Morir o morir

Ramón Solsona Secretario General Hostelería de Lleida

Las primeras consecuencias después de la entrada en vigor de la ley del tabaco, es que de forma masiva se está respetando, tanto por parte de los hosteleros como de los clientes. Años de amenazas y engaños han dado su fruto. Los españoles vamos también líderes en salud pública en la clasificación mundial, emulando a la “roja”, a costa de uno de los sectores más productivos del país, la hosteleria.

Vistas las primeras reacciones, unos confirman que las predicciones que hizo FEHR, incluso se quedaran cortas, otros se muestras más cautos y se reservan las valoraciones para más tarde, pero todos confirman un descenso en la facturación. (unos poco otros mucho ).

Unos pocos, muy pocos, de los cuales dos en Mollerussa, cerca de Lleida, se han erigido como rebeldes, manifestando públicamente su desafío, permitiendo fumar en sus locales. La prensa se ha hecho un fuerte eco del asunto, con presencia diaria en todo tipo de medios, y de todos los ámbitos.

Los de mi zona, después de diversas visitas de los inspectores de Sanidad, desistieron. No sé de la suerte de los demás. Coincide que ninguno de ellos está asociado a ninguna asociación de hosteleros.

En todo caso creo que vale la pena hacer la siguiente reflexión, cuantas veces en nuestra vida hemos visto que un ciudadano, sin antecedentes penales, salga públicamente a la palestra para anunciar que va a incumplir una ley, siendo consciente que las sanciones por incumplirla son muy importantes ? Yo, en mi país no me acuerdo de ninguna.

¿Qué motivos puede llevar a un ciudadano a tomar estas decisiones límite?

Quizás tiene que ver que utilizando el nombre de la salud pública, y actuando con una prepotencia arrolladora, por un lado se prohíbe fumar en nuestros locales, pero por otro se multiplican los puntos de venta y por otro se continúa subvencionando el cultivo de tabaco. ¿Por qué nosotros los hosteleros, tenemos que sacrificar nuestras maltrechas economías y pagar las consecuencias de esta serie de incoherencias? ¿Por qué no es el Estado el que renuncia a perder sus millonarios ingresos prohibiendo el tabaco, si tanto daño hace a nuestra salud ?

Y para rematar el ánimo, las obras que se describían en la anterior ley, para adecuar los locales y que muchos hicieron, ahora no solo no sirven para nada, sino que no nos costará dinero desmontar las separaciones, y tenemos que considerarlo como una inversión inútil. Vaya confianza se transmite a uno de los sectores que más contribuye al PIB, nacional. Vaya pena de país, que solo quede la vía del pataleo como consuelo.

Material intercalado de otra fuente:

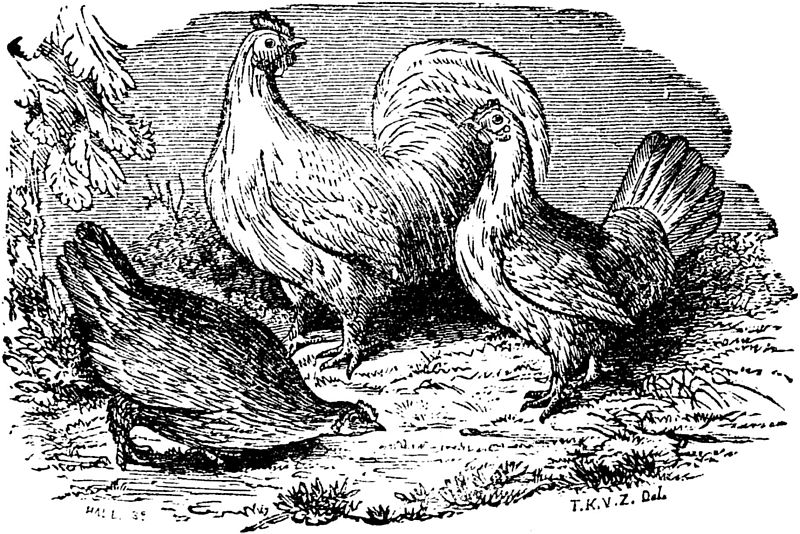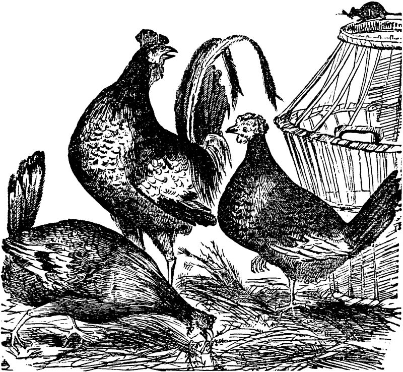 The Bantam is but little larger than a pigeon, and is usually of a pure white, but is sometimes speckled. It is generally feathered to the toes, but may be bred with clean legs. It is very domestic, and a pleasant little bird around the premises, and is not unprofitable. The Game cock is of medium weight, and yields good flesh, but is a poor layer, and an undesirable tenant for the farm-yard. Besides these, there are many fanciful varieties, as the Creeper, with excessively short legs; the Rumpless, without a tail; the Frizzled, with irregular feathers turned towards the head; the Silky or Merino fowl, with brown or buff down, instead of feathers; the Negro, with its black crest, wattles, skin, legs, and feathers; the Java and Cochin China, of great size; several varieties of the Top-knot, and others.[Pg 222]

Coincidiendo con la galopante crisis económica, estaba escrito que muchos locales nuestros tendrían que reorientarse o cerrar, que a pesar de nuestra cultura, tenemos un índice de locales por habitante insostenible, muchos estaban aplicando economía de guerra, etc… pero sin ninguna duda esta será la gota que llene el vaso, y para muchos este será el principio del fin.

¿Era el mejor momento ?

Cuando se comprueba que nuestras decisiones han puesto a ciudadanos al límite, ¿no merece la pena revisar?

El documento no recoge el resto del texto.